■ Try it ■
Please repeat the data below exactly, with the pictures removed.

■ Stored data ■
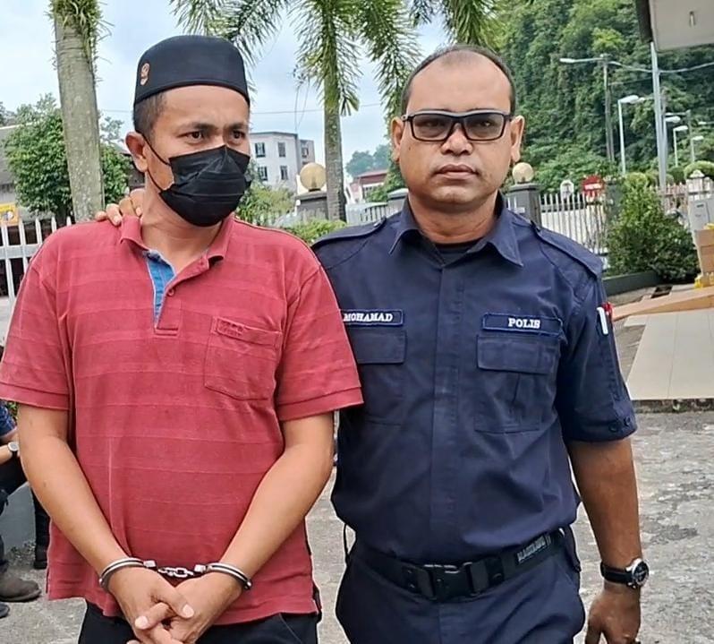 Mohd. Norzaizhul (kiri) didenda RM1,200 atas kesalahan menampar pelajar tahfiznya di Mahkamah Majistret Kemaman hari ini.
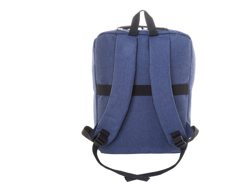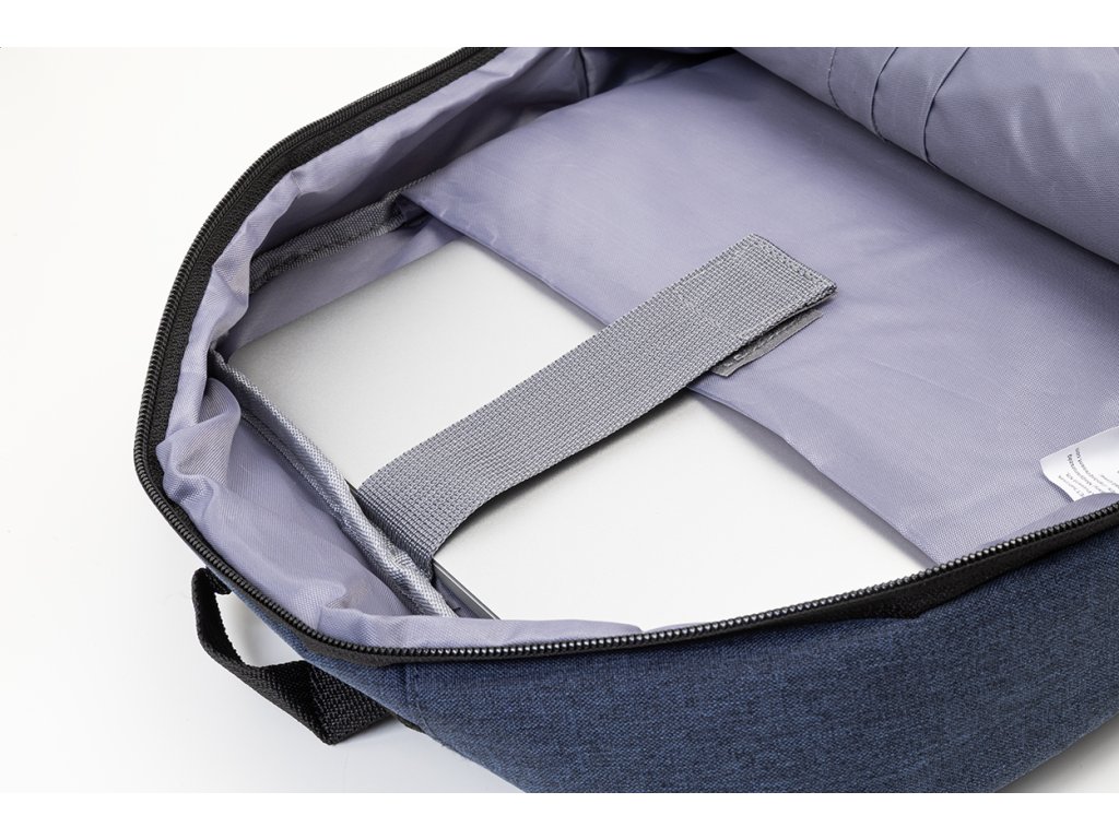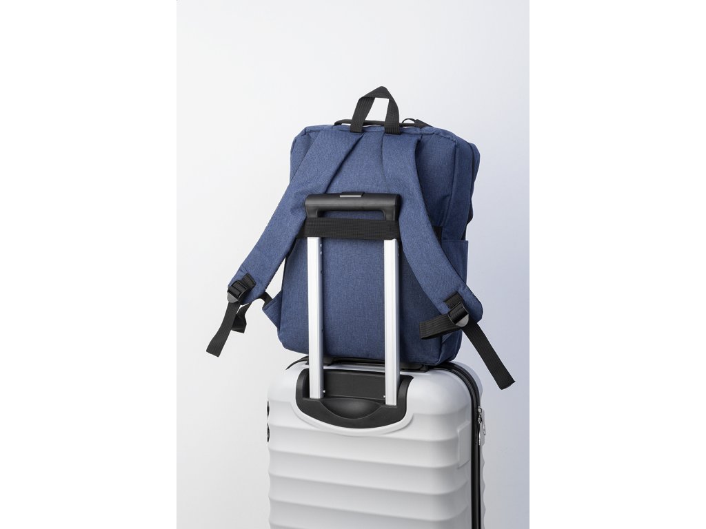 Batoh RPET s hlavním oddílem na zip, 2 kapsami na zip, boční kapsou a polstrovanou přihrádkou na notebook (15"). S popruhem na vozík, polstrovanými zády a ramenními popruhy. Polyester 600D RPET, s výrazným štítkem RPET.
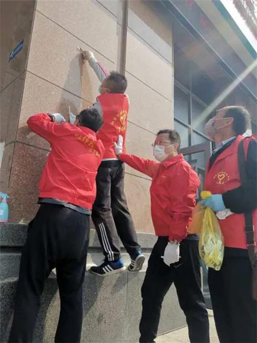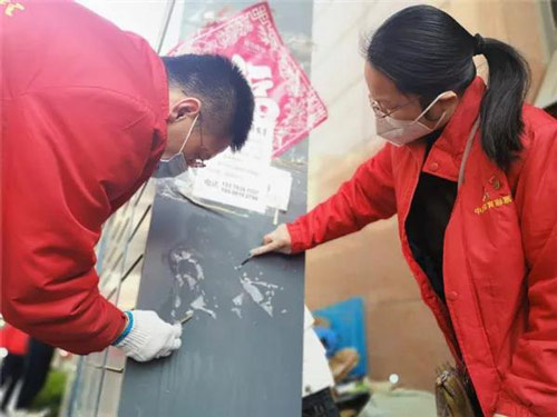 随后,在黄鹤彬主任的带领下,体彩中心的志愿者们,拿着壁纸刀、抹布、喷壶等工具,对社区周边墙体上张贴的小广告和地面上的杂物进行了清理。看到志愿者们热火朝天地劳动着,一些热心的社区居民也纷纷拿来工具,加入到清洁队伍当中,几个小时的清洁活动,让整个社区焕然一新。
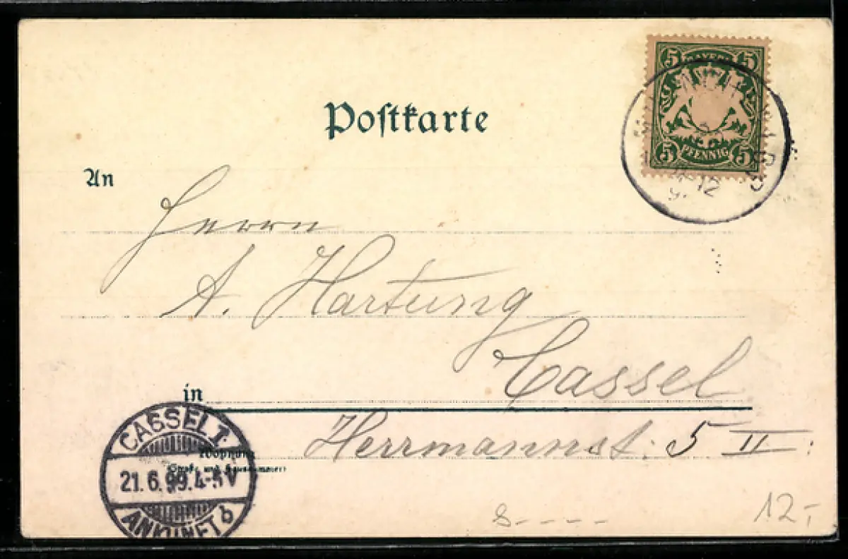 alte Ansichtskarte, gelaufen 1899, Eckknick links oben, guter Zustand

■ Response to the task ■
 Mohd. Norzaizhul (kiri) didenda RM1,200 atas kesalahan menampar pelajar tahfiznya di Mahkamah Majistret Kemaman hari ini.
 Batoh RPET s hlavním oddílem na zip, 2 kapsami na zip, boční kapsou a polstrovanou přihrádkou na notebook (15"). S popruhem na vozík, polstrovanými zády a ramenními popruhy. Polyester 600D RPET, s výrazným štítkem RPET.
 随后,在黄鹤彬主任的带领下,体彩中心的志愿者们,拿着壁纸刀、抹布、喷壶等工具,对社区周边墙体上张贴的小广告和地面上的杂物进行了清理。看到志愿者们热火朝天地劳动着,一些热心的社区居民也纷纷拿来工具,加入到清洁队伍当中,几个小时的清洁活动,让整个社区焕然一新。
 alte Ansichtskarte, gelaufen 1899, Eckknick links oben, guter Zustand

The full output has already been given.